The insurance company says there is a special statute 'relating to official bonds, giving a right of action to anyone injured by official misconduct. That is true, but the object and purpose of section 21 was to give a right of action against the insurer directly, to a member of the public injured in person or property through negligence of the motor carrier.

Other attempts to distinguish the Farmer case need not be noticed. The court adheres to the Farmer case as establishing method of determining what the contract sued on was.

The insurance company says the statute has received operative interpretation, as shown by the endorsement on the policy prescribed by the public service commission. The public service commission simply misconceived the meaning of the statute, and no amount of misinterpretation can change the statute.
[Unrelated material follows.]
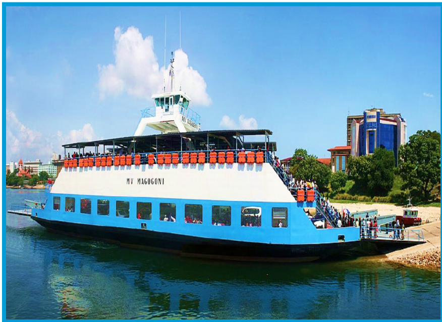
Muonekano wa Kivuko cha Mv Magogoni, Jijini Dar es salaam

Attention is called to the fact that a bill amending the section of the code of civil procedure relating to joinder of defendants, which in this instance would have permitted joinder of Jones and the in*226surance company, was defeated in the 1983 legislature. Had the bill passed, the first ground of the insurance company’s demurrer would not have been good. Liability of neither Jones nor the insurance company would have been increased or diminished.

The insurance company makes the question-begging statement that to permit action against it now would impair the obligation of contract. The fallacy is patent.

There are decisions by other courts relating to the nature of the insurance company’s liability in cases of this character. • Time and space forbid review of the cases, which would necessitate exemplification of statutes, of policies and of opinions. Two cases quite analogous to this one fully support the conclusions which have been expressed: Curtis v. Michaelson, 206 Ia. 111, 219 N. W. 49; Jacobsen v. Howard, 164 Okla. 88, 23 P. 2d 185. No analogous case to the contrary has been cited to the court.

The judgment of the district court is reversed, and the cause is remanded with direction to overrule the unconfessed portion of the demurrer to the petition.